Required work:
In the entries that follow, find the line containing "Obrázek 1: Jakubova hůl." and the line containing "ไร่ไวน์ จุนยี่ เยียนไถ", then copy exactly everything from the first through the second except the pictures.

Source information:

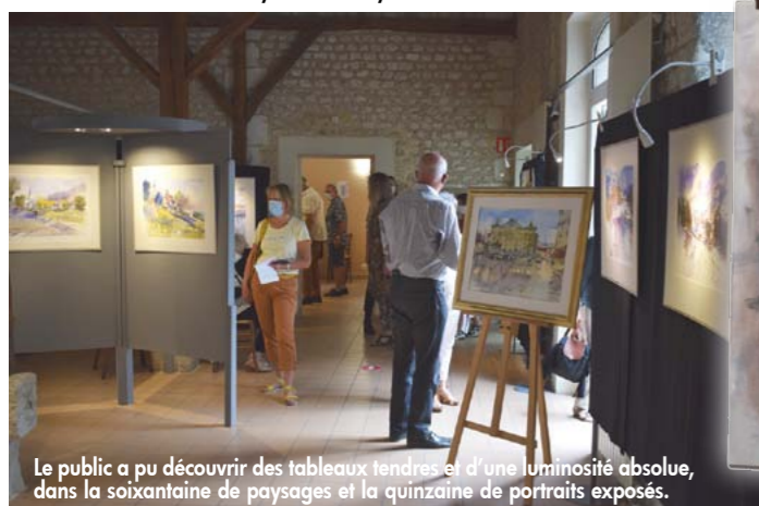
Le public a pu découvrir des tableaux tendres et d'une luminosité absolue, dans la soixantaine de paysages et la quinzaine de portraits exposés.
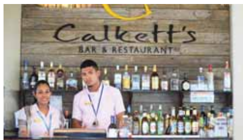
Calkett's es uno de los bares con los que cuenta el prestigioso Mayan Princess Beach and Dive Resort.
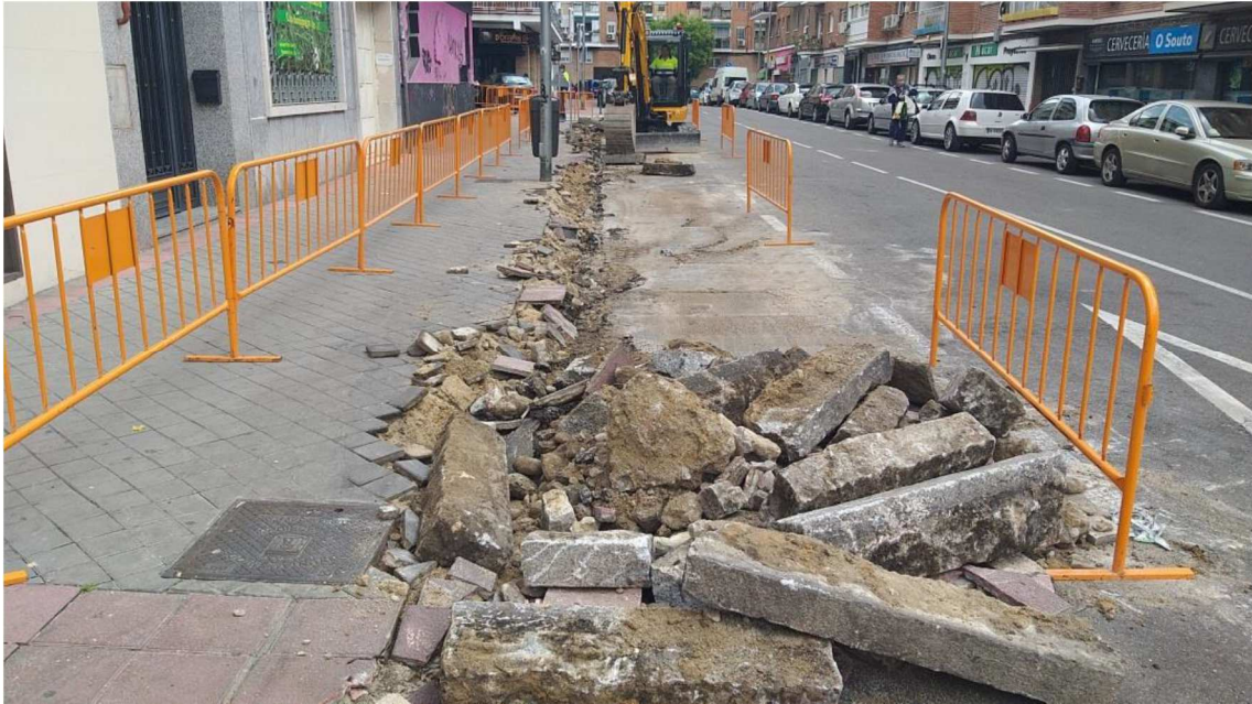
Fotografía 5.- Calle Castrojeriz entre Nº 8 y Nº 6: Levantado de bordillo y demolición de acerado.
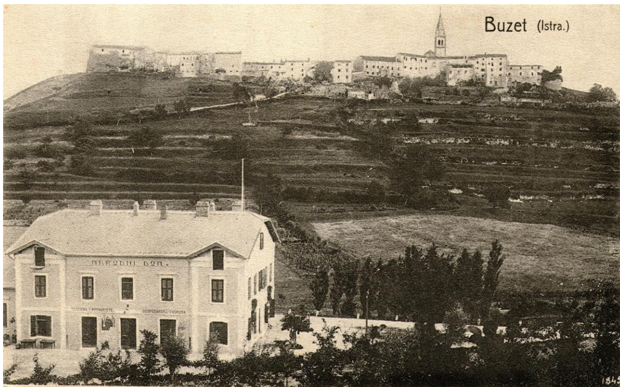
Slika 1. Razglednica s motivom Narodnog doma 22

Od početka djelovanja 1888. godine (iako je službeno otvorena 6. srpnja 1890. godine 20 ) Hrvatska je čitaonica u Buzetu postala mjesto za naobrazbu, informiranje i razmjenu ideja, mjesto za dogovor i donošenje političkih odluka, organizator kulturnih i zabavnih sadržaja te čvrsti branitelj jezičnog i kulturnog obilježja buzetskih Hrvata. 21
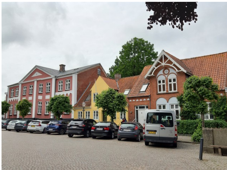
Bebyggelsen ved kirken.
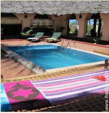
Vivenda de Luxo
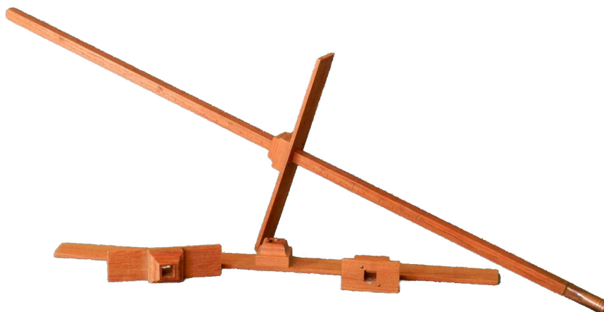
Obrázek 1: Jakubova hůl.

vzdálenosti měříš. Proužek lepenky musíš na pravítko umístit kolmo! Na stupnici pravítka pak tuto vzdálenost odečti. S tím ti mohou pomoci rodiče nebo kamarád.
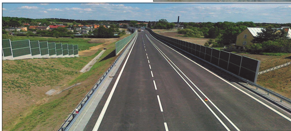
Zachodnia obwodnica Mrągowo w drodze krajowej nr 59.
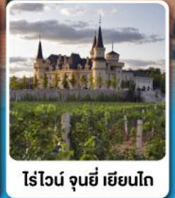
ไร่ไวน์ จุนยี่ เยียนไถ
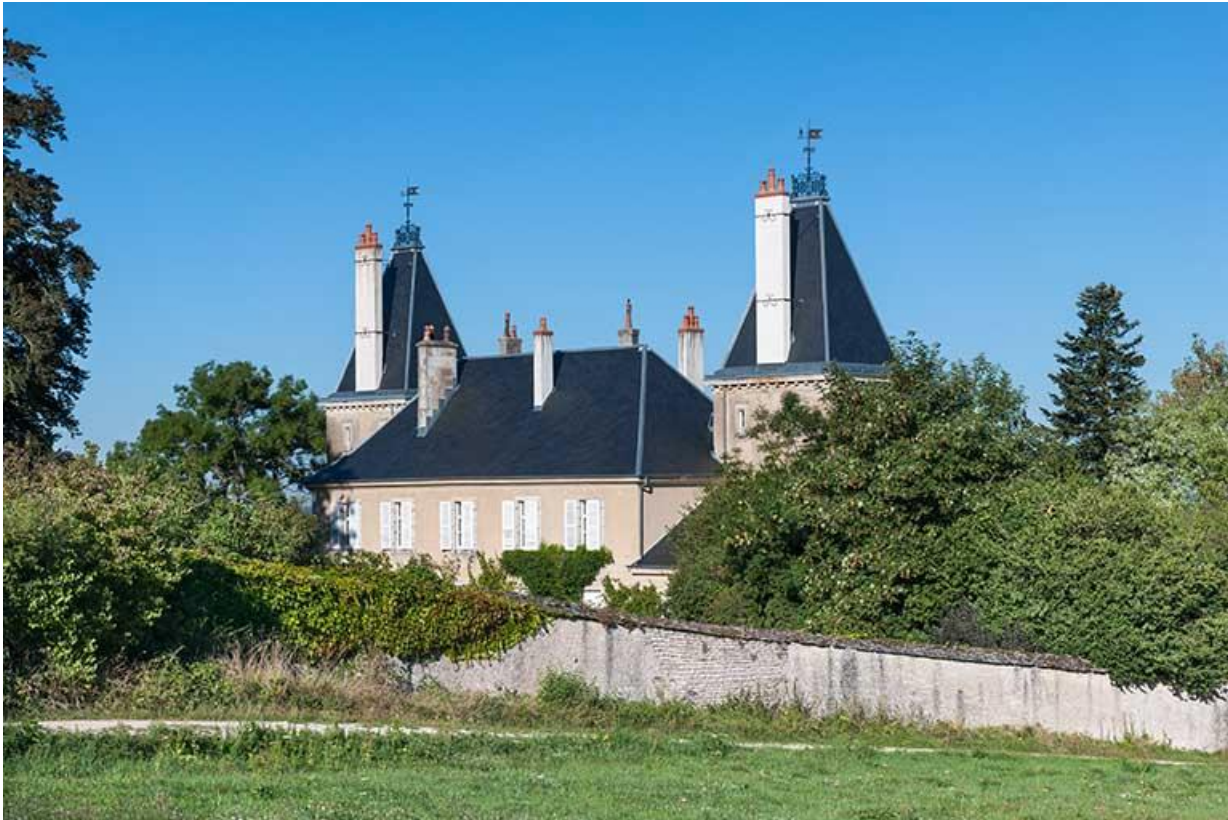
Vue générale sud-est
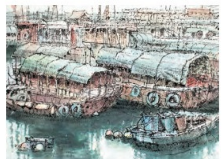
沈平作品，《維港避風塘的船》，2018年。
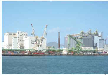
箱崎ふ頭 HAKOZAKI WHARF

Problem solution:
Obrázek 1: Jakubova hůl.

vzdálenosti měříš. Proužek lepenky musíš na pravítko umístit kolmo! Na stupnici pravítka pak tuto vzdálenost odečti. S tím ti mohou pomoci rodiče nebo kamarád.
Zachodnia obwodnica Mrągowo w drodze krajowej nr 59.
ไร่ไวน์ จุนยี่ เยียนไถ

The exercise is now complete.